When Ted arrived home that night, I said, "Chunk, this is Chunk." Then I turned to Ted and said, "Chunk, meet Chunk."
"What is that?" Ted asked.
"It's a cat."
"Whose is it?"
"He's ours now."
"Very funny. Whose dog is it?"
"He is our dog. I captured him. They were going to assassinate him, Ted. He was going to be put in the electric chair. He's a rescue, like Chuy."
"Chelsea, can you cut the shit, please? We've already had one dog escapade this year. I'm not really in the mood to deal with Dudley Part Deux. You don't even like dogs."
"There is no shit to cut. This was a moment of weakness born out of a moment of detoxification. I like this dog. He seems to understand me and the pickle I've found myself in."
"What pickle is that?"
I eyed Ted and cocked my head to the side. "Wanting someone to snuggle with who doesn't speak."
"Did it ever occur to you to maybe ask me if I wanted to weigh in on the decision, since I live here, too?"
"Not really."
"Chelsea, a dog is a big decision, and we both travel all the time. Who do you think is going to take care of it?"
"Ray is moving here in three days. He loves dogs. It will be his welcoming gift, just like my father's frozen calamari for the renters on the Vineyard. My brother loves dogs."
Ted darted his eyes back and forth between the dog and me, not knowing what to believe. "I'm not stupid. You obviously borrowed the dog from someone."
"Who would I borrow a dog from? You don't borrow dogs from people. You either steal them or find them. Since when are there loaner dogs available?"
"Chelsea, please stop. I've had a long day, and I'm really just not in the mood. This is like that mini-horse you said you were buying for your sister." The mini-horse he was referencing was not a joke at all, and if it was, the joke ended up being on me.
Chuy and I had to take our annual Christmas photo, and one of my producers suggested bringing in a mini-horse he knew about that maybe Chuy could ride. The horse was about three feet tall, and upon sight I made an offer to his trainer, Bruce, to purchase him. Bruce was a giant dick and feigned surprise bordering on disgust when I asked him how much he wanted for the horse.

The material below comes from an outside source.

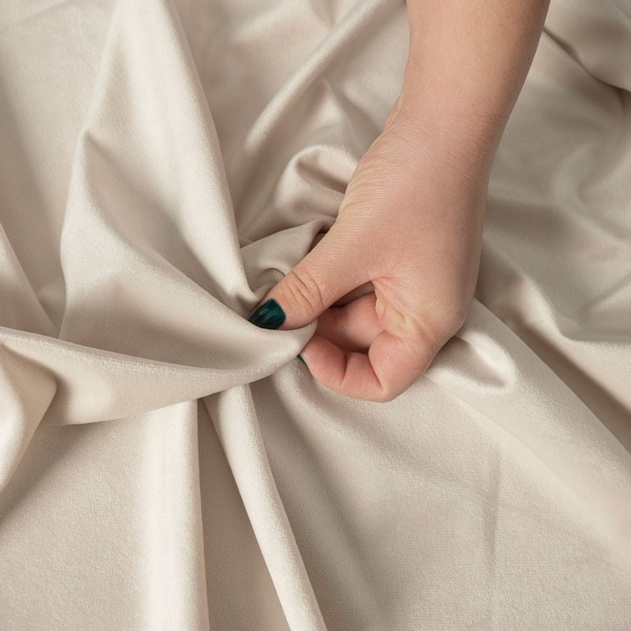 Zasłona wykonana z miękkiej, lejącej tkaniny welurowej z delikatnym meszkiem.

"This little fella's not for sale," he informed me. "They take a lot of work, a lot of attention," he said with a snicker. Then he added, "And they don't like vodka."
I wanted to kick Bruce in the taint. No one is just one thing. Many things contribute to the whole of a person, and just because vodka accounts for 50 percent of my body weight, that doesn't mean I walk around with a vodka drip, forcing every plant, person, or animal to imbibe. I've always had a disliking for animal trainers, and this guy cemented my theory that people who chaperone animals for a living have never had a girl sit on their face.
I went upstairs after my little incident with the Bruce photo and Googled "mini-horse." There turned out to be several Web sites and several mini-horses available for purchase, and I didn't need some animal trainer to approve the purchase. I learned that, just as with dwarfs, there was some sort of chromosomal deficiency that made these horses so small. I felt an instant connection to these miniature horses because of my work with Chuy, and I needed to have full access to one as soon as possible.
After more research I discovered that it is legal to have a mini-horse as a house pet, as long as you have a backyard that meets certain measurements. Not only did my sister Sloane's yard meet the requirements, but she also had a little girl named Charley, along with a newborn named Russell, whose head Charley liked to squeeze on a semiregular basis. This would be the perfect outlet for her to take her frustrations out on, allowing Sloane more time to figure out why all her babies were born with flat heads.
I called Sloane and gave her the news. "Charley can ride it all day long, and the only thing you have to do is get a fence in your backyard."
She went online to check out the horse and was ecstatic. "Oh, my God! They're so adorable! Why don't you get one?"
"Because, Sloane, I live in a building. I have no yard. They need to be ridden."
"But what about Buddy?"
Buddy was my sister's cat who had been missing for two years. "Sloane, Buddy is gone, and he's not coming back. He could be halfway to Arkansas by now."
"Well, he'd be way past Arkansas by now."
"You don't know that. You don't know what that cat's dreams were. He could have settled in the Midwest. What do you have against Middle America, Sloane?"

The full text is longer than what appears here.